Foreword by Jack Dongarra

It is apparent that in the era of Big Data, when every major field of science, engineering, business, and finance is producing and needs to (repeatedly) process truly extraordinary amounts of data, the many unsolved problems of when, where, and how all those data are to be produced, transformed, and analyzed have taken center stage. This book, Big Data: Algorithms, Analytics, and Applications, addresses and examines important areas such as management, processing, data stream techniques, privacy, and applications.

The collection presented in the book covers fundamental and realistic issues about Big Data, including efficient algorithmic methods to process data, better analytical strategies to digest data, and representative applications in diverse fields such as medicine, science, and engineering, seeking to bridge the gap between huge amounts of data and appropriate computational methods for scientific and social discovery, and to bring together technologies for media/data communication, elastic media/data storage, cross-network media/data fusion, SaaS, and others. It also aims at interesting applications related to Big Data.

This timely book edited by Kuan-Ching Li, Hai Jiang, Laurence T. Yang, and Alfredo Cuzzocrea gives a quick introduction to the understanding and use of Big Data and provides examples and insights into the process of handling and analyzing problems. It presents introductory concepts as well as complex issues. The book has five major sections: management, processing, streaming techniques and algorithms, privacy, and applications.

Throughout the book, examples and practical approaches for dealing with Big Data are provided to help reinforce the concepts that have been presented in the chapters.

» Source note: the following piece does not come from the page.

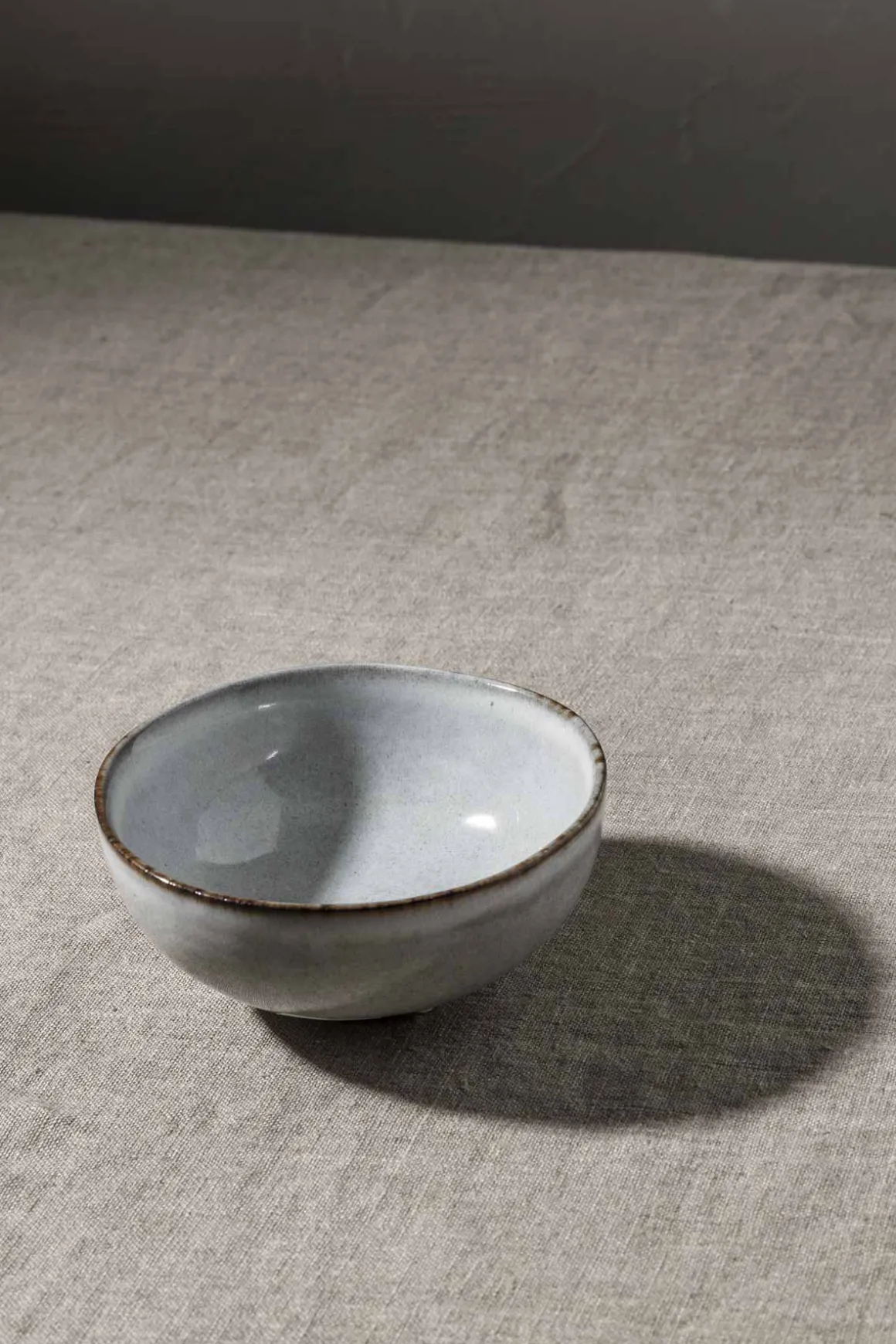 Liten blåfarget skål i glasert steingods fra Tell Me More. Skålen er sterk, holdbar og den fine glasuren gir hver og en et unikt utseende som vil friske opp borddekkingen din. Veldig fin alene, eller bland med annet servise i forskjellige teksturer og farger for et spennende og innbydende utseende. Siden hver skål er unik kan fargen og utseende variere litt fra bildet. Fin til serveringer av desserter, snacks og oliven.

This book is a required understanding for anyone working in a major field of science, engineering, business, and financing. It explores Big Data in depth and provides different angles on just how to approach Big Data and how they are currently being handled today.

I have enjoyed and learned from this book, and I feel confident that you will as well.

Jack Dongarra

University of Tennessee, Knoxville

Foreword by Dr. Yi Pan

In 1945, mathematician and physicist John von Neumann and his colleagues wrote an article, “First Draft of a Report on the EDVAC,” to describe their new machine EDVAC based on some ideas from J. Presper Eckert and John Mauchly. The proposed concept of stored-program computer, known as von Neumann machine, has been widely adopted in modern computer architectures. Both the program and data for an application are saved in computer memory for execution flexibility. Computers were not dedicated to single jobs anymore.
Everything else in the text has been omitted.